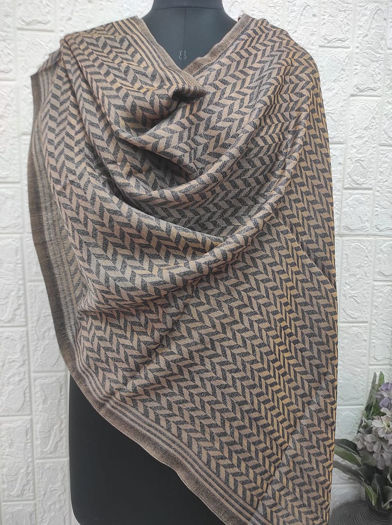 Elevate your style with this elegant shawl from Savita Shawls, a renowned shawls & scarves manufacturer/exporter known for premium quality and timeless designs. Expertly woven from 60% wool, 30% zari, and 10% silk, this shawl offers a rich texture with a soft, luxurious feel. Its bold chevron pattern in deep brown and black tones adds a sophisticated touch, perfect for both casual and formal wear. Measuring 70×200 cm, it provides a graceful drape and versatile styling options. Whether worn over the shoulders or wrapped as a scarf, this piece reflects fine craftsmanship and global appeal from Savita Shawls.
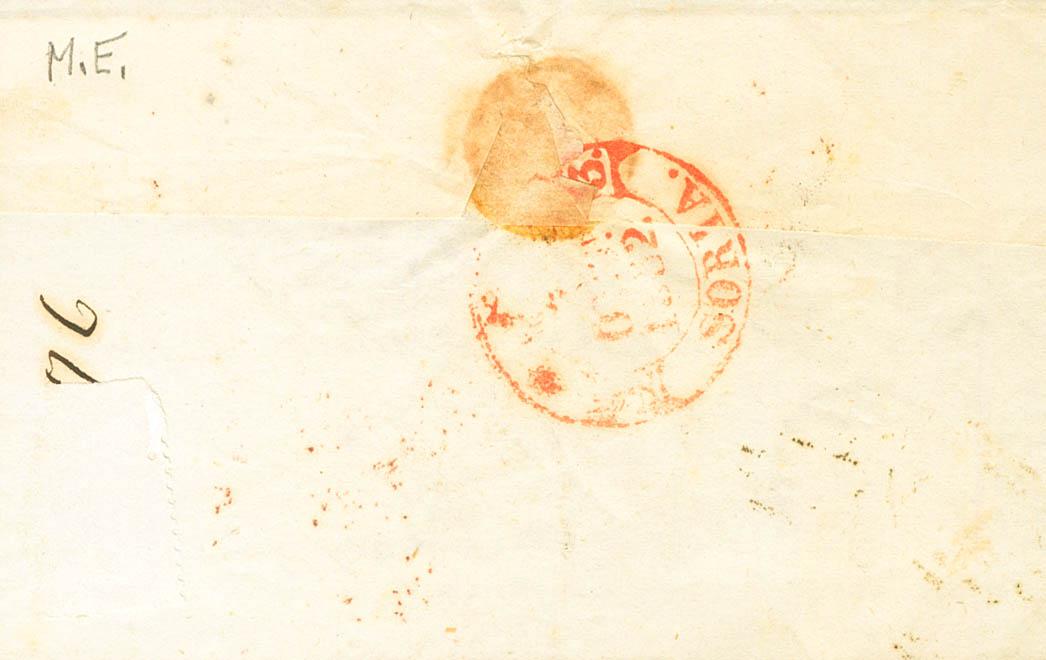 12. 1852. 6 cuartos rosa (defecto en margen izquierdo). BURGO DE OSMA a SORIA. En el frente baeza BURGO DE O. / SORIA. BONITA.
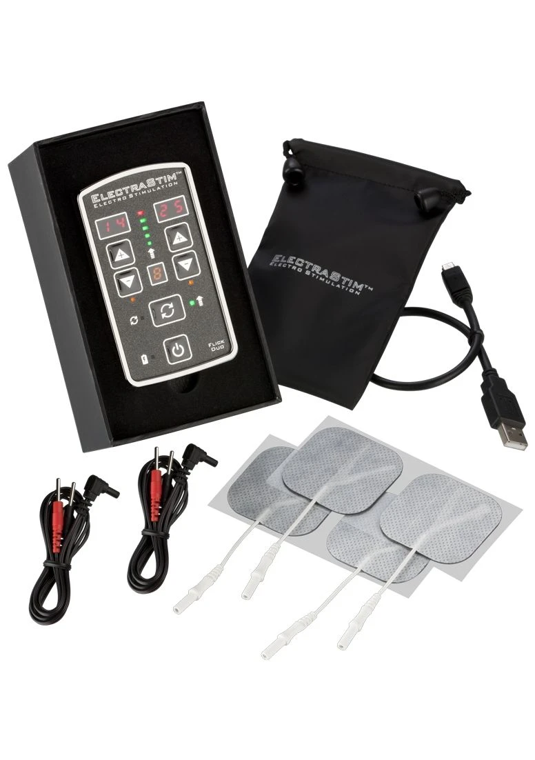 The ElectraStim Flick EM80-E pack includes a Flick Duo dual-channel stimulator, all required cables and a set of 4 ElectraPads, so you have everything you need to start experimenting with electro sex. Perfect for beginners or those upgrading an old e-stim stimulator, Flick has a host of features to explore. A luxurious slim-line stimulator with LED display and ergonomic control. Try the 4 Flick modes for stimulation that flows in sympathy with a โflickingโ wrist action for truly customisable patterns. Flick stimulators are perfect for enhancing masturbation, foreplay and sex with the thrilling and unique tingling and pulsating of electrosex. Stimulator Features 8 different stimulation patterns 4 motion sympathetic Flick setting โ stimulate using a flicking motion across one or both channels 25 intensity levels 2 isolated stimulation channels โ Individual intensity control for each channel USB rechargeable 3-year guarantee when you register your purchase Includes EM80 stimulator 4 Conductive pads 2 x connecting wires (2mm pin connection) USB charging cable Storage Pouch
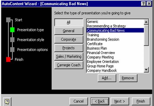 utilizarea instrumentului AutoContent Wizard (Prezentarea cu asitenta) daca aveti nevoie de asistenta in ceea ce priveste proiectarea si realizarea continutului prezentarii.
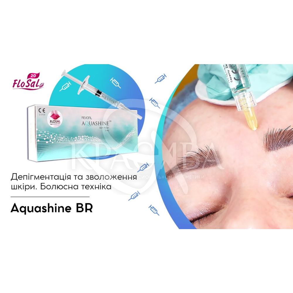 Опис: Aquashine BR – це ін'єкційний ревіталізант, на основі високоефективних біоміметичних пептидів, з вираженою депігментуючою та дермамодулюючою дією. Спеціально підібрані біомеметичні пептиди мають швидку та яскраву освітлювальну дію, вирівнюють тон шкіри, запобігають появі нових пігментних плям шляхом зменшення синтезу меланіну. Наявність у складі блокатора гіалуронідази забезпечує уповільнення та профілактику старіння шкіри.
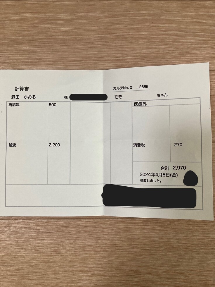 本日の治療費です。
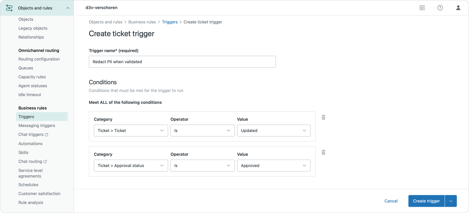 And that's what the example trigger below does. It looks for tickets that got approved, and then redacts info like address, bank account number and date of birth.
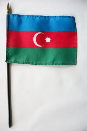 Our 4in x 6in Azerbaijan Miniature Flags are made of an extremely durable silk-like material and are mounted on a 10.5inch black plastic staff with a gilt spearhead. Each flag is individually sewn around the edges. These are perfect for decorating or for waving in a parade to show your national pride.
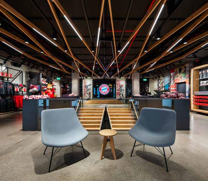 For a unique customer experience, numerous digital innovations were integrated with cooperation with various firms, including mirror screens in the changing cabins, several selfie points and transparent screens for the trophy presentation and projection mapping in the checkout area. In the basement lies the Performance Level, realised in cooperation with adidas, where fans have access to the full kit – from jerseys to training equipment to shoes, which are arranged along the wall. It is designed like a laboratory in which the new developments can grow and mature. A further highlight is the “Test Cage”. Here visitors can pit themselves against the professionals in various gaming scenarios. Jerseys, shoes and balls can be personalised in the “workshop” according to the fans’ individual wishes. The presentation of the “TRIPLE Cups 2020” takes place in digital showcases behind transparent screens and underlines the playful experience of winning. There is even a special area dedicated to the e-sports team of FC Bayern:
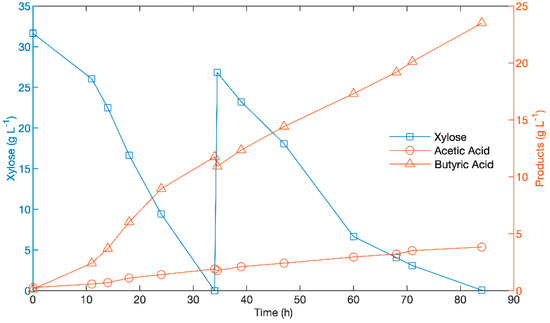 - Jiang, L.; Wang, J.; Liang, S.; Wang, X.; Cen, P.; Xu, Z. Production of Butyric Acid from Glucose and Xylose with Immobilized Cells of Clostridium tyrobutyricum in a Fibrous-Bed Bioreactor. Appl. Biochem. Biotechnol. 2010, 160, 350–359. [Google Scholar] [CrossRef]
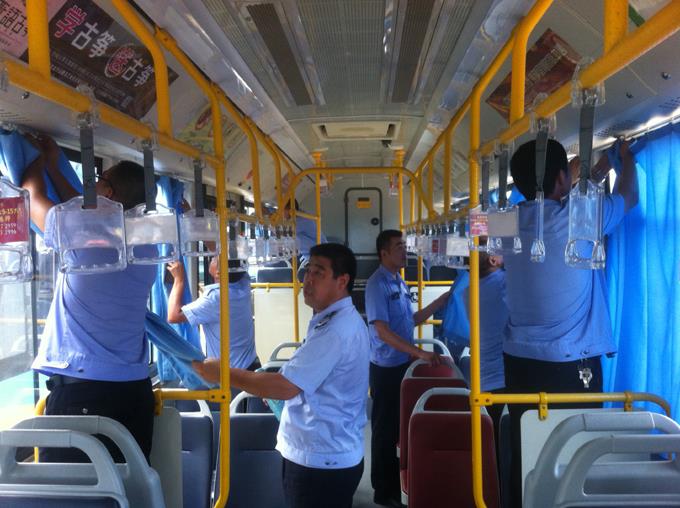 近日以来,天气持续闷热。为提高乘车舒适度,给乘客提供一个清凉的乘车环境,市公交公司汽车三队“手拉手雷锋小组成员”丁文美同志自己出资为车队22辆新能源公交车全部安装了蓝色遮阳窗帘。
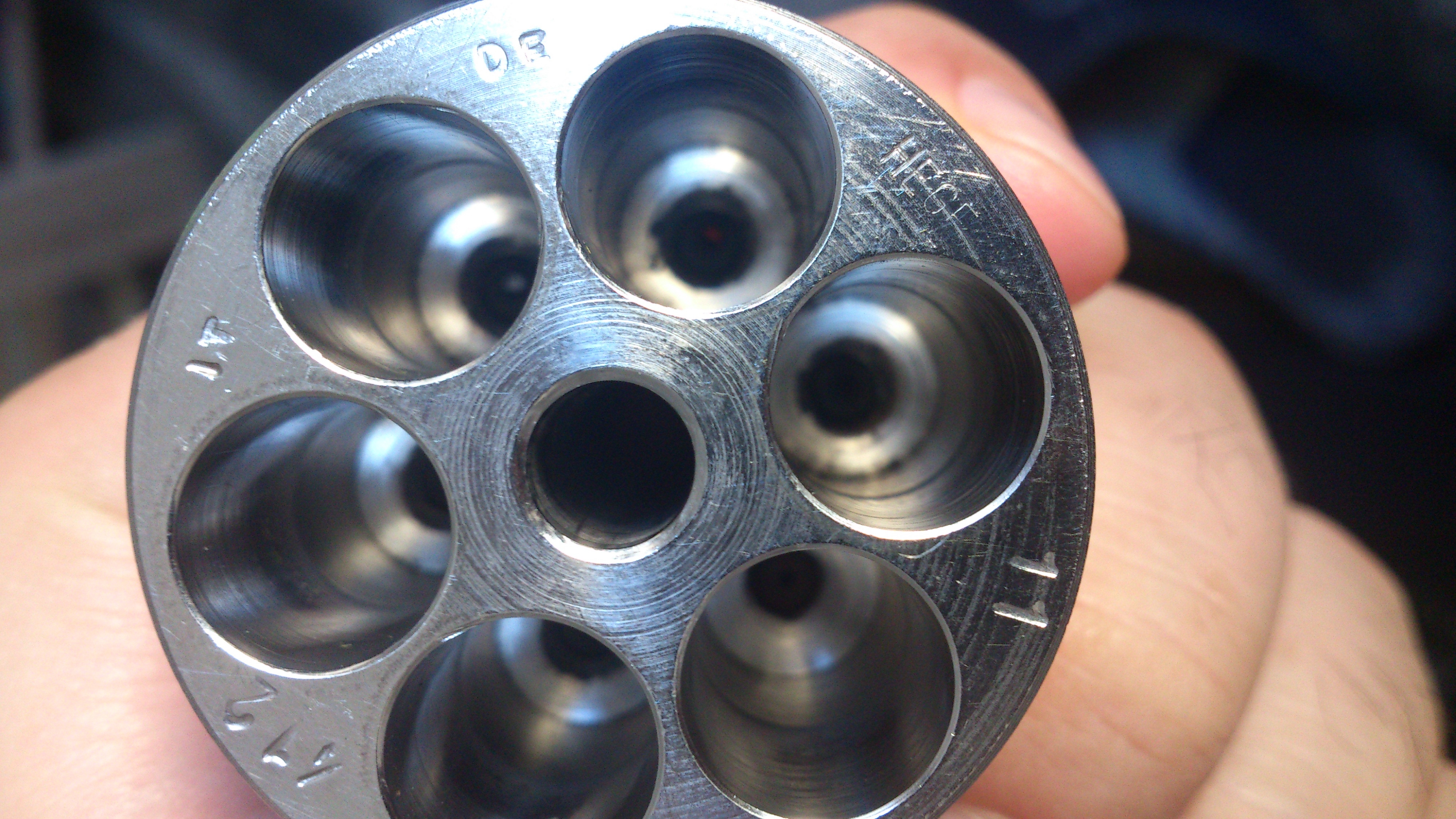 Pudiera ser que el desgaste de los alveolos que comentas se deba a que el empujador del proyectil roce con las paredes de los mismos al cargar el revólver debido a que no estén perfectamente alineados? Si el material del empujador es más duro que el del cilindro, puede ser la razón del desgaste que comentas.
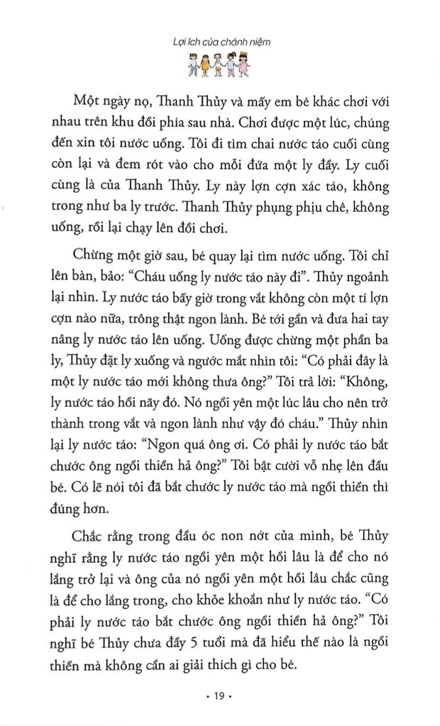 Chừng một giờ sau, bé quay lại tìm nước uống. Tôi chỉ lên bàn, bảo: “Cháu uống ly nước táo này đi”. Thủy ngoảnh lại nhìn. Ly nước táo bấy giờ trong vắt không còn một tí lợn cợn nào nữa, trông thật ngon lành. Nó tới gần và đưa hai tay nâng ly nước táo lên uống. Uống được chừng một phần ba ly, Thủy đặt ly xuống và ngước mắt nhìn tôi: "Có phải đây là một ly nước táo mới không thưa ông?" Tôi trả lời: "Không, ly nước táo hồi nãy đó. Nó ngồi yên một lúc lâu cho nên trở thành trong vắt và ngon lành như vậy đó cháu." Thủy nhìn lại ly nước táo: "Ngon quá ông ơi. Có phải ly nước táo bắt chước ông ngồi thiền không hả ông?” Tôi bật cười vỗ nhẹ lên đầu nó. Có lẽ nói rằng tôi đã bắt chước ly nước táo mà ngồi thiền thì đúng hơn.

#### [Task to carry out]
Write out, word for word, the stretch of entries that begins at the line with "utilizarea instrumentului AutoContent" and ends at the line with "Our 4in x 6in". Pictures do not belong in it.

#### [Exercise answer]
 utilizarea instrumentului AutoContent Wizard (Prezentarea cu asitenta) daca aveti nevoie de asistenta in ceea ce priveste proiectarea si realizarea continutului prezentarii.
 Опис: Aquashine BR – це ін'єкційний ревіталізант, на основі високоефективних біоміметичних пептидів, з вираженою депігментуючою та дермамодулюючою дією. Спеціально підібрані біомеметичні пептиди мають швидку та яскраву освітлювальну дію, вирівнюють тон шкіри, запобігають появі нових пігментних плям шляхом зменшення синтезу меланіну. Наявність у складі блокатора гіалуронідази забезпечує уповільнення та профілактику старіння шкіри.
 本日の治療費です。
 And that's what the example trigger below does. It looks for tickets that got approved, and then redacts info like address, bank account number and date of birth.
 Our 4in x 6in Azerbaijan Miniature Flags are made of an extremely durable silk-like material and are mounted on a 10.5inch black plastic staff with a gilt spearhead. Each flag is individually sewn around the edges. These are perfect for decorating or for waving in a parade to show your national pride.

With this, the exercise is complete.